Secure Work 2025.
Secure Work Hui - Friday 7 November
An online conference aimed at discussing what actions we should take together to ensure secure work is the norm in the tertiary education sector.
Please register here using the password PRECARIOUS25
by 5pm, Friday 31 October 2025.
Call for papers
Papers are called for the following panels:
Panel 1
The tertiary education sector has large numbers of workers on hourly paid and fixed term agreements.
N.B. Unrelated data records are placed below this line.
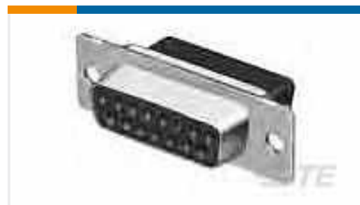
TE Teilenummer1658644-1 HDP-20,RCPT,SIZE 2, 15 POSN,CL
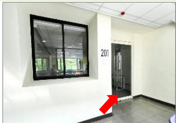
8. 推廣教育中心 201 教室
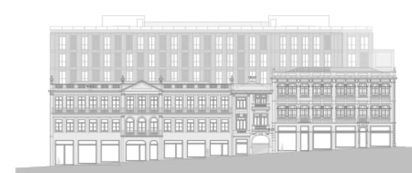
Alçado - Rua Sá da Bandeira
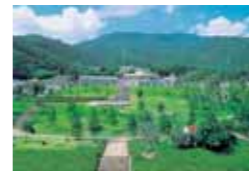
道の駅 小豆島オリーブ公園 営業時間/8:30~17:00 (ホテルよりお車で約20分)
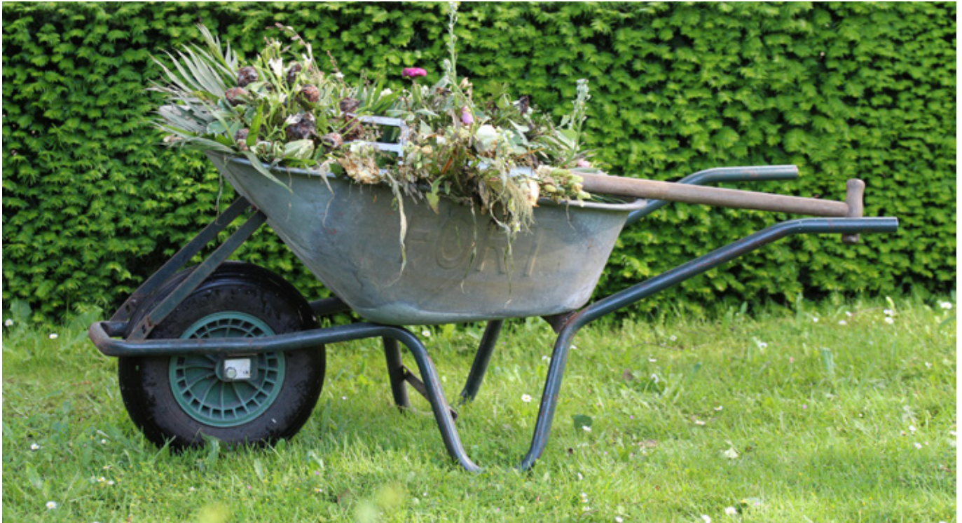
Aiajätmed komposti kohapeal või anna üle selleks ettenähtud kohta.
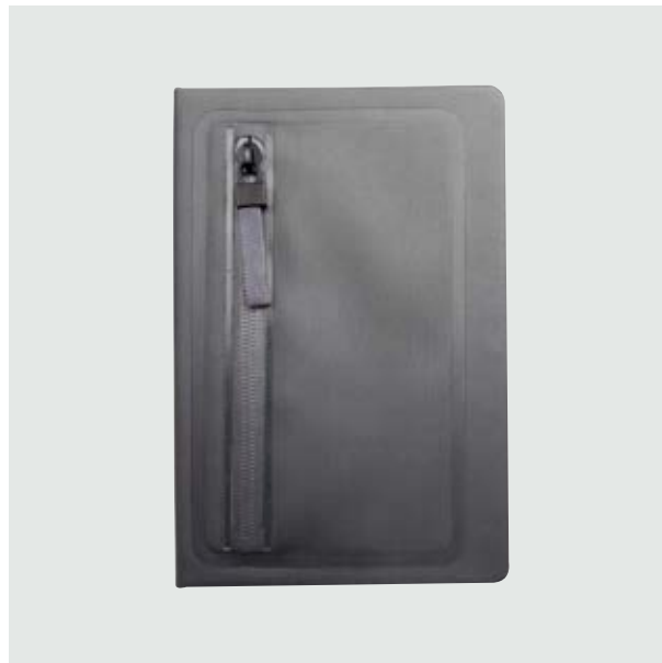
ESC 536 Libreta Denver
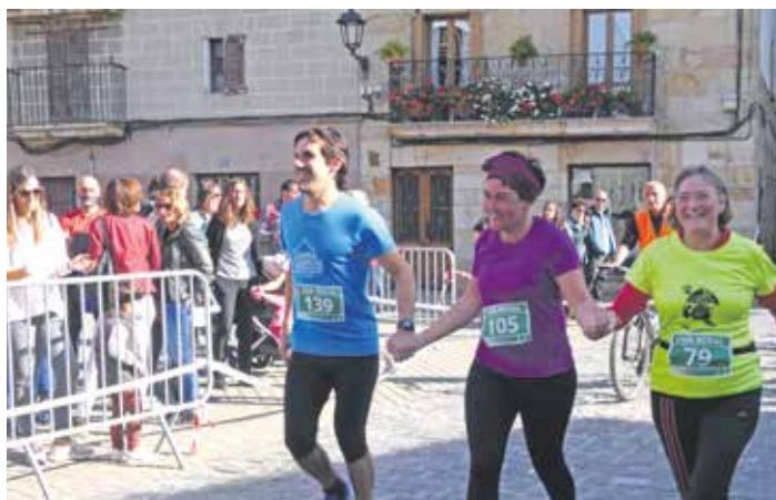
Lasterketan parte hartu zuten hiru pertsona, helmugan.
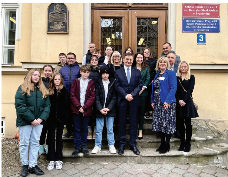
Wizyta ministra Marka Kuchcińskiego w Szkole Podstawowej nr 1 im. Henryka Sienkiewicza, luty 2023 r.

9,5 mln zł – wyprawka szkolna dla ok. 6 tys. uczniów rocznie (2018–2022)
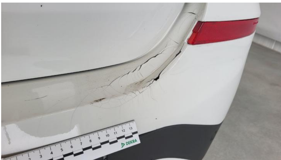
Fot. 55. Zderzak tylny - Pęknięcie/rozerwanie 1
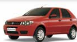
PALIO 4P FIRE FLEX 1.0 8V 07 PL-0695 - AR/DH/CE R$ 18.500,
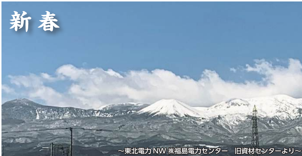
～東北電力NW(株)福島電力センター 旧資材センターより～

This precarity doesn’t happen by accident, it is part of the design of the system.
In this session we will discuss where we are and where we should be going with regard secure and decent work for the good of workers, students, institutions, and Aotearoa.
We will unpack the structural drivers of precarity and the key barriers which prevent us from challenging it.
And discuss why tertiary education should be built on secure work.
Panel 2
Insecurity at work does not affect everyone equally. In this panel we will examine the varied impacts of insecure work on different groups of workers from cleaners to researchers, librarians to tutors. And, the impact of insecure work on Māori, Pasifika, ethnic minorities, and other marginalised groups.
We will identify evidence for the unequal impact of precarity on some groups of workers and target solidarity interventions for the most affected groups?
Panel 3
In this session we examine what the TEU and other unions both domestically and internationally are doing about insecure work, and look at what more we can do.
The session will examine:
- Daily collective actions to support those without secure employment
- Industrial and legal actions that can be taken to ensure secure employment
- And the political and campaigning actions which will address the structural problems which lead to mass insecurity
Please send your papers to jordyn.broughton@teu.ac.nz
by 5pm on Tuesday September 30.
Meet the organising committee
Noel Zeng

It is deeply troubling to see the increasing prevalence of rolling fixed-term contracts and casualised work for academic and non-academic staff alike. Staff who are migrants, people of colour, women, and those who are early career, disproportionately bear the financial and emotional stresses caused by chronic uncertainty of their work. All in the name of "flexibility" and cost-saving for the Government and institutions. It is time to hear from those in our sector most impacted by insecure work, organise and push back.
Tanya Ewertowska

I am a lecturer in employment relations, past hourly paid/fixed term rep for our TEU AUT branch, and have researched young workers' experiences in insecure employment. This conference is an opportunity to continue building a shared kete of tools, including education and community, to combat casualisation in our sector.
Brandon Johnstone

Precarious work, and the sector-wide underfunding it is built upon, corrodes our sense of professional and academic identity and control over our livelihoods.
Today's precarity points toward tomorrow's uncertain learning and teaching conditions - for our students, our workers, and education itself as a public good.
Matt Russell

Kia ora koutou, ko Matt Russell tōku ingoa. I've been working in a university for ten years, and in that time I've seen casualisation and insecurity advance to the point precarity is now, arguably, the defining characteristic of our sector and our mahi. It harms the wellbeing of our members, and it erodes the quality of teaching and research, and it undermines collective action. But, the universality of precarity is also a potentially unifying force and a basis of union strength. We need to organise and amplify the voice of insecure tertiary workers, and that's what this hui aims to do.